2017 Cloud Computing Conference Hbase special session, Alibaba technical expert Tian Mu brought ali-hbase SQL practice and improvement speech. This paper mainly starts from why SQL is needed, and then explains SQL on Hbase, and then focuses on sharing the optimization and improvement of Ali-hbase SQL, and finally prospects for the future. Here are the highlights:

Why do YOU need SQL?




Hash Hash




Points barrels










HBase Native API implementation




SQL on HBase



















Goods report




Iot device information storage







Ali-Hbase SQL




Performance optimization

The goal is to optimize the performance of simple requests to the maximum, with a performance difference of less than 5% between the HBase Native API. In single-line read and write scenarios, the DIFFERENCE between SQL and HBase apis is obvious.
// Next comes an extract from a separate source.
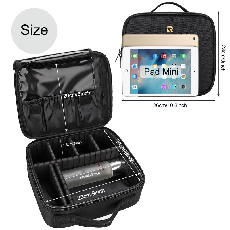 100% Satisfaction Guarantee. WORRY FREE! ORDER NOW! Any problem please feel free to contact us. Unrivalled quality: Our make up Organizer will look just like new even after a long time use due to its durable and waterproof material. It is very suitable for travel, business trip or use at home.Fit in your suitcase About the product * Delicate Looking& Workmanship. The tidy and fine close stitching ensure the Makeup Organizer bags are sturdy and durable. * You can Design Yourself internal compartments by the adjustable padded dividers. * Lightweight & Easy to Carry. Ideal for taking exactly what you need, anywhere, at any time. * Fantastic solution to store jewelry, toiletry, makeup paraphernalia like lipstick, makeup brush, eye shadow, nail polish, eyeliners. All women's essentials in one elegant case. * Detachable part and divided section to keep all the necessities neat and in order. * Easy to Clean: Black Foamed oxford Insulate Lined for Easy Cleaning. * Great Gift Idea: Amazing gift for family, friends, co-workers, presentations, birthdays, holidays and more. * Durable with water proof, shake proof, anti-wear and spill-proof interiors for long use Size: 10.3 X 9 X 3.5 Inches Weight: 1.6 lb What's in the Box: 1pcs of Mini Makeup Train Case 2pcs of large pads (5 IN), 3pcs of small pads (2.6 IN), 1pcs of long pads(10 IN) Note: Cosmetic accessories not included in this item.
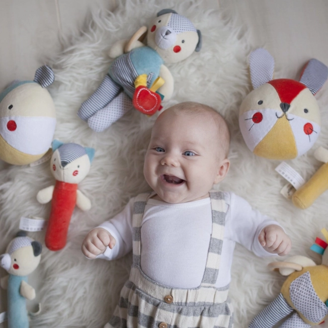 Zrównoważona produkcja jest wsparta użyciem organicznej bawełny z certyfikatem GOTS, materiałów z recyklingu oraz nietoksycznych barwników. Zabawka jest lekka, łatwa do chwytania i bezpieczna dla maluszków 0+, idealna do wózka, łóżeczka i do domu.

Client-side metadata cache, metadata: column names, data types, table attributes, index information, and so on. Metadata update policy: We do not refresh metadata every time. We refresh metadata periodically, identifying the latest version by the version number, and updating the latest version if it is not the latest. This is an optimized cache update strategy for UPSERT.







Future jobs

The future is definitely column name mapping support, ImmutableDataEncoding support, we are currently investigating, in the case of large wide tables can save 1/3-1/2 storage space. But there is a limitation, this data can only be written, not changed. We need to optimize the function of the user to apply for SQL client, this is a very disgusting thing; Support query Server Mode and thin client, solve the problem of product iteration, users can enjoy our improvements without upgrading; Support distributed Sequence, and eventually we will also be able to distribute SQL capabilities; Optional index consistency, asynchronous global secondary index. In some scenarios, users do not need strong consistency, such as logging, and eventually it is OK to be consistent within 1 minute, so we do an asynchronous global update, and the update cost is further reduced.